Earlier today, the data from the UK showed that the unemployment rate fell to its lowest level in 43 years at 4% in June from 4.2% in May. However, the sterling failed to take advantage of that data as the number of unemployed increased 6.2K in July to fall short of the market expectation of 3.8K. In the meantime, British foreign Secretary Hunt said that the risk of a no-deal Brexit was increasing and added that everyone needed to be prepared for a chaotic atmosphere if that were to materialize.

On the other hand, the US Dollar Index, which looked like it was getting ready to make a downward correction on Tuesday, gained traction in the second half of the day and rose to its highest level of the year at 96.73, putting additional pressure on the pair.

On Wednesday, PPI and CPI data from the UK will be watched closely by the participants. Analysts expect the inflation to stay unchanged on a monthly basis in July.

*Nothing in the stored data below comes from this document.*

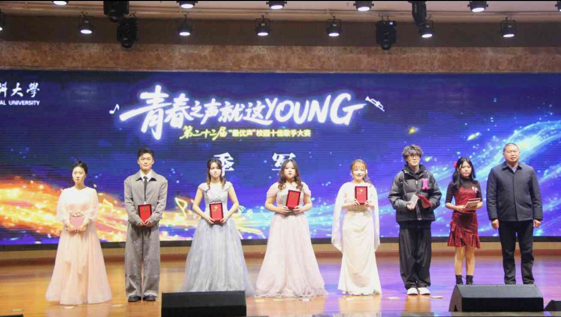 比赛现场“高手林立”,选手们或独自以通俗唱法诉说未来憧憬,或凭民族、美声唱法诠释改编经典,在经过多轮紧张且激烈的角逐之后,护理学院的李大微、李昊羲两位参赛选手凭借着自身出色的发挥脱颖而出。李大微选手选择了歌曲《陪你去流浪》进行演唱,在舞台上,他以深情且富有感染力的歌声,将歌曲中的情感展现得淋漓尽致;李昊羲选手则带来了《Forever Young》,其充满活力与激情的演绎,赢得了现场观众和评委的阵阵掌声。最终,李大微选手的精彩表现斩获了亚军的荣誉,李昊羲选手出色的演绎获得了季军的佳绩。奖项不仅是对选手实力的肯定,也见证了我院学生在艺术道路上的成长与突破。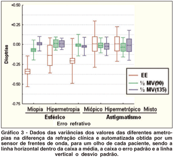 Uma dificuldade encontrada na comparação dos resultados é a magnitude dos valores refracionais obtidos pelo sensor de frentes de onda, dada com frações de 0,01 D e na refração clínica frações de 0,25 D. Por estes dados não encontramos nenhuma refração esférica simples nas obtidas pelo sensor de frentes de onda.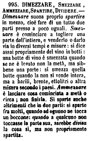 | Dimezzare, Smezzare, Ammezzare, Spartire, Dividere - Dimezzare suona proprio spartire in mezzo, cioè fare di un tutto due parti presso a poco uguali. Smezzare è cominciare a togliere una parte dall'intiero, e venderlo o darlo via in diversi tempi e misure: si dice assai propriamente del vino in botti: una botte di vino è smezzata quando se ne è levato non la metà, ma sibbene una parte: si smezza quella botte quando non la si vende intera, ma a barili, brente, ettolitri o altra misura secondo i paesi. Ammezzare è lasciare cosa cominciata a metà o circa; non finirla. Si sparte anche altrimenti che in due parti: si sparte fra molti, quando ad ognuno ne tocca un boccone: quando a qualcuno non toccasse la parte sua, sarebbe divisa la cosa sì, ma non propriamente spartita. [immagine] |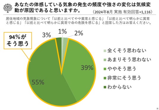 - 異常気象を認識している者の内、ほとんどの者(94%)は、気候変動が原因であると回答している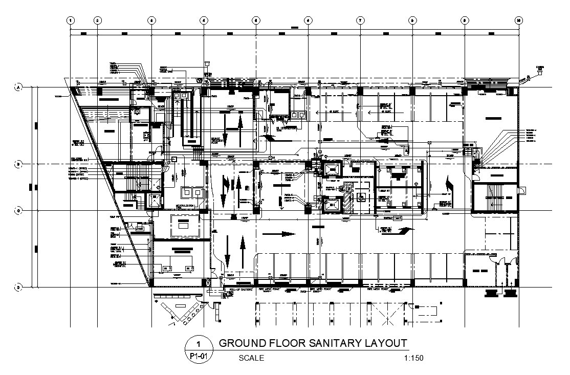 Sanitary layout of the building cad drawing is given in this cad file. There is a 2d plumbing plan is available. In this cad drawing, there is centerline plan is also available. For more 3d or 2d cad drawings visit our website cadbull.com. Download this 2d cad file now.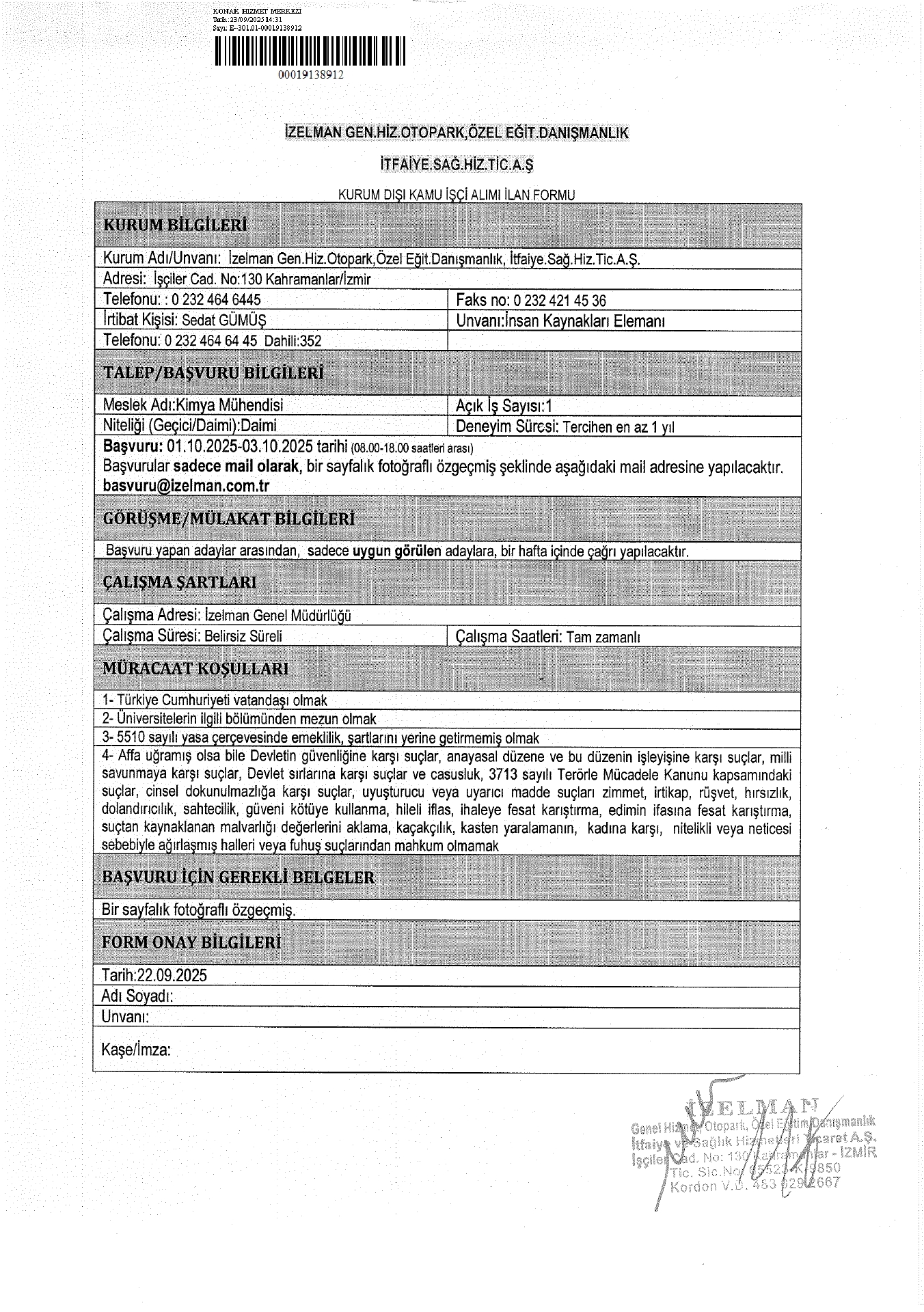 İzmir İzelman 1 İşçi Alacak. Son başvuru tarihi 3 Ekim 2025

A decline in inflation might bring a new GBP selling wave as it would confirm the expectations of the BoE holding off on further rate hikes.

Technical outlook

With a decisive break below 1.2700 (daily low/psychological level), the pair could extend its losses toward 1.2640 (Jun. 12, 2017,  low) and 1.2590 (Jun. 21, 2017, low). On the upside, resistances align at 1.2825 (daily high), 1.2910 (Aug. 9 high) and 1.3000 (psychological level).